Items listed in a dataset
━━━━━━━━━━━━━━━━━━━━━━━━━━━━━━
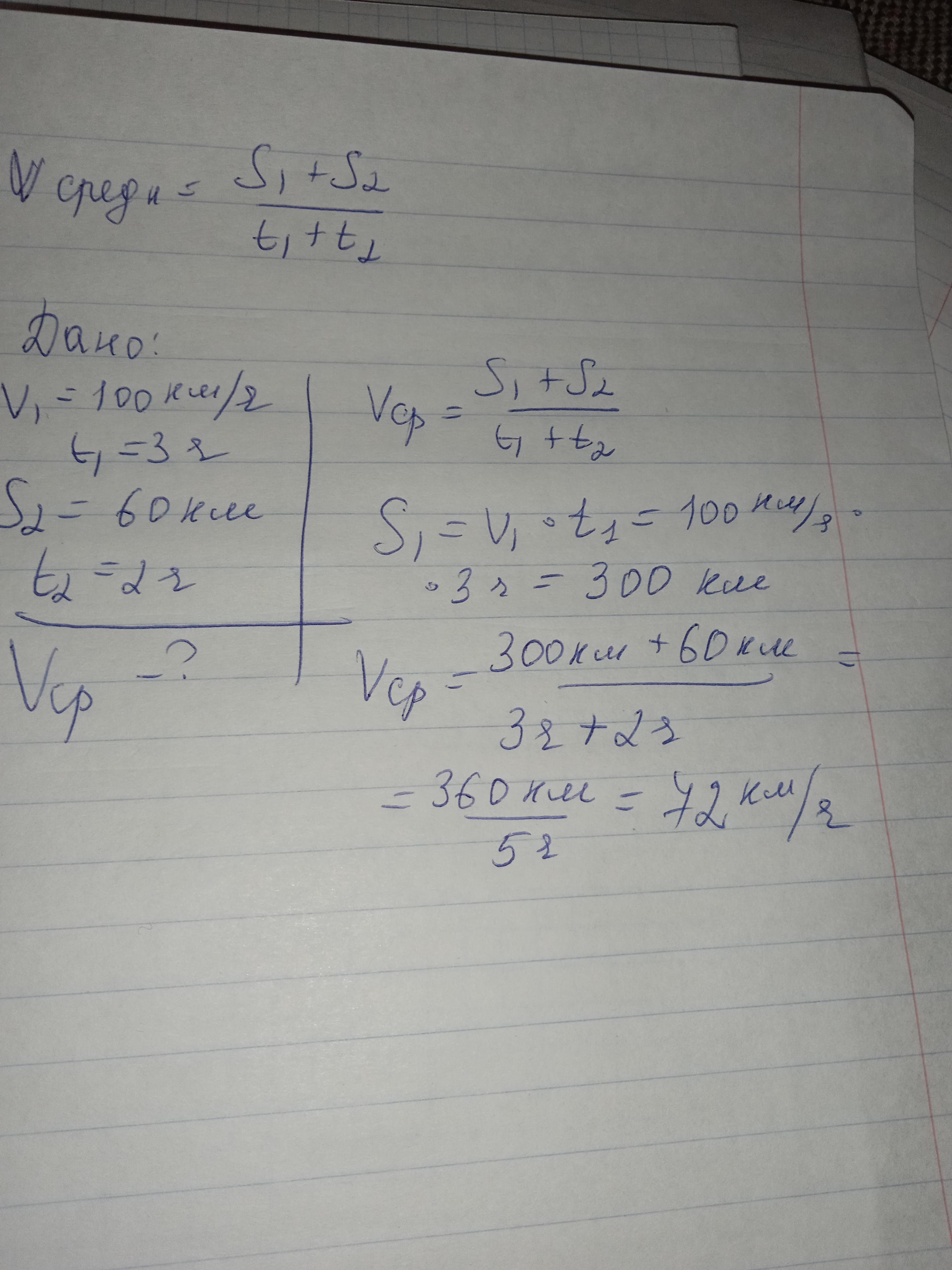 Автомобиль ехал по автомагистрали со скоростью 100 км/ч в течение 3 часов, а затем проехал по сельской местности ещё 60 км за 2 часа. Определите среднюю скорость автомобиля на всём пути.
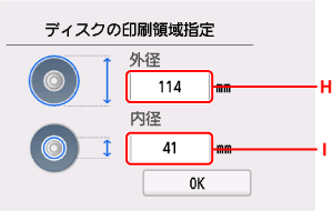 外径/内径の寸法は、プリンタブルディスクのパッケージやケース内のインデックスシートに記載されている印刷可能範囲(最小内径、最大外径)を確認するか、または印刷面の外径/内径を実際に測り、外径には計測した値より小さい数値を、内径には計測した値より大きい数値を指定してください。
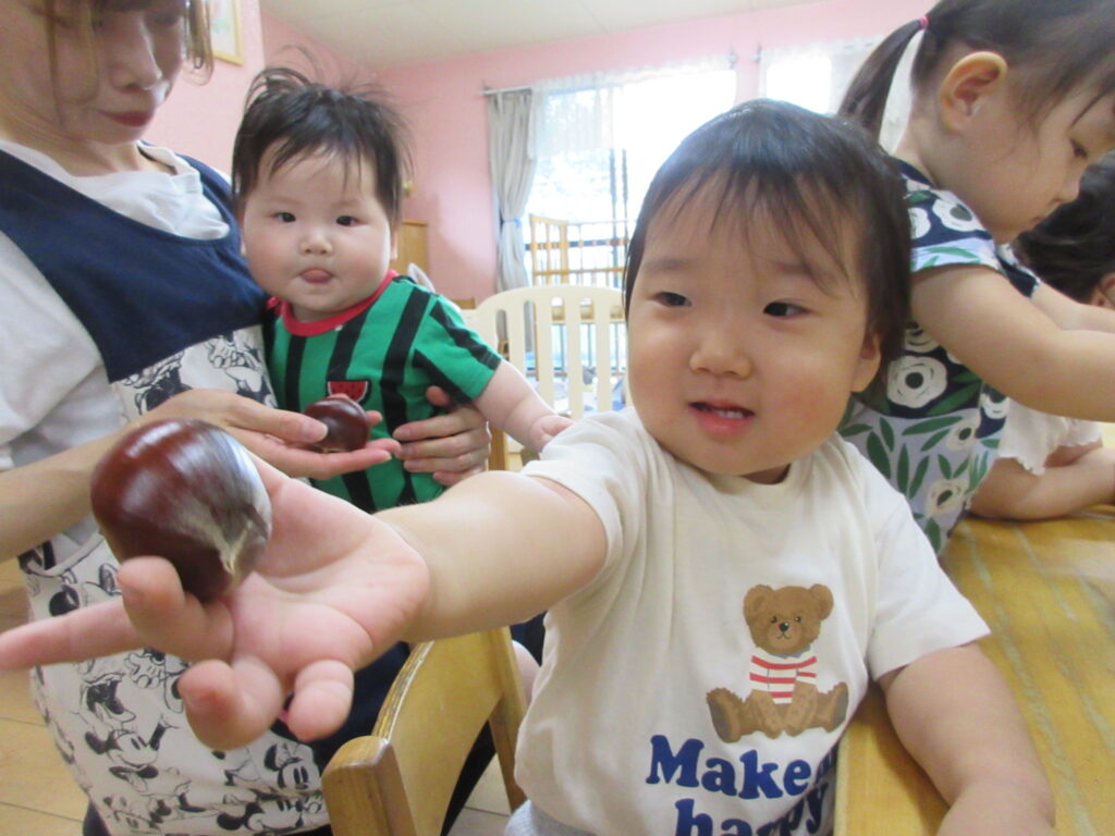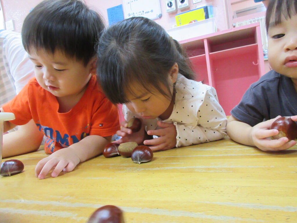 みてみて!栗だよ!(うさぎ0歳児、1歳児) 公開済み: 2025年10月24日更新: 2025年10月24日作成者: hayamanookaカテゴリー: 端山の丘こども園ブログ 秋の味覚に親しむ食育活動として、栗を触ってみました。手のひらでころころ転がしてみたり、匂いを嗅いだりしながら、秋ならではの食べ物に触れる事を楽しむ事が出来ました。 関連記事 色々な電車が間近で見られたね(5歳、ゆり組) 京都鉄道博物館へ行ってきました。 SLに乗り、間近で電車を見て満喫出来た1日でした。 公開済み: 2023年11月10日更新: 2023年11月10日作成者: hayamanookaカテゴリー: 端山の丘こども園ブログ 僕たちが描いたんだよ!(たんぽぽ、3歳児) 将来、必須になるであろうタブレット操作。園では、子供たちにも身近に感じてもらえるように、iPadを使い楽しめるアプリを取り入れています。KITS「アートポン」は、自分が塗った塗り絵が画面上に出てくるので、大興奮です! 公開済み: 2022年5月31日更新: 2022年5月31日作成者: hayamanookaカテゴリー: 端山の丘こども園ブログ 思い思いの秋?(きりん、2歳児) 公開済み: 2022年11月14日更新: 2022年11月14日作成者: hayamanookaカテゴリー: 未分類, 端山の丘こども園ブログ
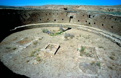 Casa Rinconada contains a circular kiva measuring 64 feet in diameter, featuring 34 wall niches, masonry firebox, and inner bench for ceremonies.
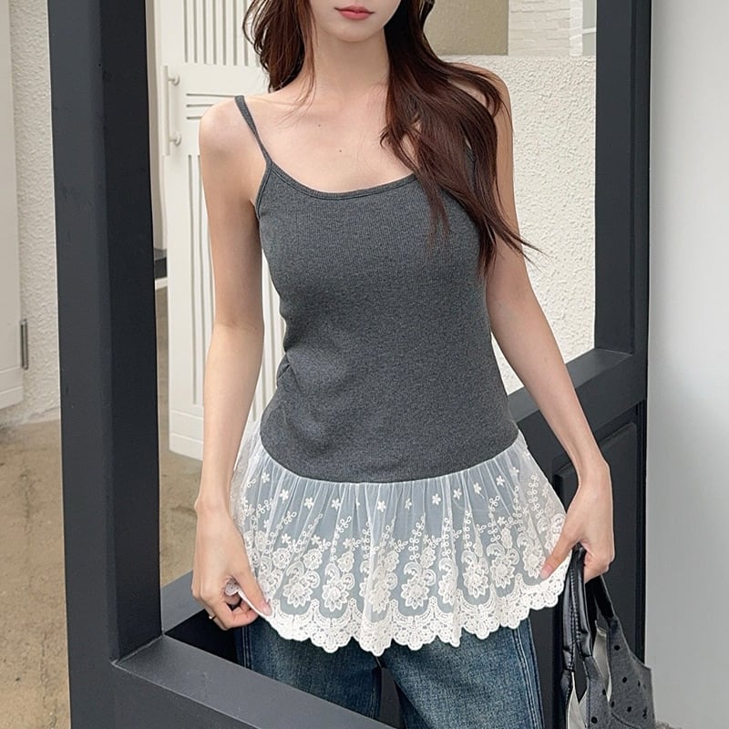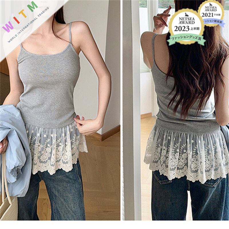 2026春夏新作 キャミソール カップ付きインナー レーストリム 重ね着 バストパット付き レディース | Fashionshop Kuuu571 |StylishでおしゃれなFashion好きな人達へ
━━━━━━━━━━━━━━━━━━━━━━━━━━━━━━
From the first line above to the line containing "外径/内径の寸法は、プリンタ", repeat each line exactly. Pictures stay out.

ANSWER BOX:
 Автомобиль ехал по автомагистрали со скоростью 100 км/ч в течение 3 часов, а затем проехал по сельской местности ещё 60 км за 2 часа. Определите среднюю скорость автомобиля на всём пути.
 外径/内径の寸法は、プリンタブルディスクのパッケージやケース内のインデックスシートに記載されている印刷可能範囲(最小内径、最大外径)を確認するか、または印刷面の外径/内径を実際に測り、外径には計測した値より小さい数値を、内径には計測した値より大きい数値を指定してください。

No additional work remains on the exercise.